For phones: fscanf("%50s %50[^\n]%*c"...) (50 limits the strings, %*c discards the newline)

But the max size has to be explicit, not a variable, which is very inflexible, and the rest of a line that's too long is not discarded, and there is no validation, so it is still not recommended when the text file is provided by a user

Efficiency

Often, physical I/O is very slow, so the efficiency of the code is irrelevant

When it matters, reading a line at a time is faster than reading a character at a time

For maximum efficiency, read the whole file in

FILE *fp = fopen(path, "rb");
fseek(fp, 0, SEEK_END);
long length = ftell(fp);
fseek(fp, 0, SEEK_SET);
fread(s, length, 1, fp);
fclose(fp);

Read chars from stdin

To read characters of standard input, e.g. to echo everything in upper case, use:

char ch = getchar();
while (! feof(stdin)) {
    printf("%c", toupper(ch));
    ch = getchar();
}

However, this should be rare, because you almost always want to read the standard input a line at a time

End of stream

while (! feof(stdin)) ...

It is good practice to recognise the end of the stream (in case the user pipes a file into the standard input)

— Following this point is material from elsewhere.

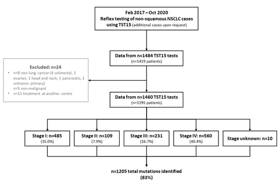 We investigated the impact of using a targeted NGS 15-gene panel (TruSight Tumor 15 [TST15], Illumina, San Diego, CA, USA) as part of the routine reflex testing for non-squamous NSCLC samples at a single institution.

You can end the standard input by typing CTRL/D (usually), but the effects are a bit platform dependent

You could end with CTRL/C, but that causes a program 'crash', not a clean shut down

Normally, your program should recognise something, e.g. typing quit, as well as feof to end the program

Read lines from stdin

To read a line of standard input, use this

printf("...prompt...");
fgets(line, max, stdin);

To extract numbers etc. from a string such as a line that you have read in, use sscanf

gets

Rule: never use the gets function

You give it an array to read the line into, but there is no check that it is big enough

You cannot prevent the user from giving a line which is too long, so your program contains a bug

Worse, if your program can be used over the net, it has a security loophole for hackers to use

scanf problems

Advice: don't use scanf, use fgets and sscanf

As with fscanf, never use it with unlimited %s or
%[...], because of the security loophole

Other problems are that a space means any white space including newlines, %s means a 'word' (text up to the next white space), and the newline at the end of a line doesn't get read in (so related print statements are often too soon or too late)

Proper scanf

It is possible to use scanf, though most programmers get it wrong

To read in a line: scanf("%100[^\n]%*c"...)

But it is hard to get everything right, having to specify the available space explicitly is inflexible, and there is no validation, so it is still not recommended

As with files, to get rid of the newline at the end of a string you've just read in with fgets, try this:

line[strcspn(line, "\r\n")] = '\0';

Write chars to a file

To write characters to a text file, use this

FILE *out = fopen("out.txt", "w");
... fputc(ch, out); ...
fclose(out);

On Windows, fputc('\n'...) will write out \r\n to match the Windows newline convention

Don't forget the fclose, or the file will be incomplete

Write bytes to a file

Writing bytes is almost identical to writing characters:

FILE *out = fopen("out.txt", "wb");
... fputc(ch, out); ...
fclose(out);

The only difference is "wb", which prevents special processing of newlines

Write lines to a file

To write lines to a text file, use this

FILE *out = fopen("out.txt", "w");
... fprintf(out, "Line\n"); ...
fclose(out);

fprintf will output \n as the 'correct' newline

You could also use fputs for plain strings, but beware - it is less flexible and it has a different argument order

Writing partial lines

To write a line to a text file in two parts:

fprintf(out, "Hello"); ...
fprintf(out, " world!\n");

If the output stream is interactive, and you want to make sure the user sees the partial line before the second call, either call setbuf, or add fflush(out); between the calls

Checking errors

Strictly speaking, after every I/O call, you should check whether it failed for some reason

It is common to leave this out for prototype programs, but tighten everything up for production programs or libraries

The fopen function is the one that most needs checking

Checking fopen

Here's an approach to checking fopen:

FILE *fopenCheck(char *file, char *mode) {
    FILE *p = fopen(file, mode);
    if (p != NULL) return p;
    fprintf(stderr, "Can't open %s: ", file);
    fflush(stderr);
    perror("");
    exit(1);
}

...
FILE *in = fopenCheck("in.txt", "r");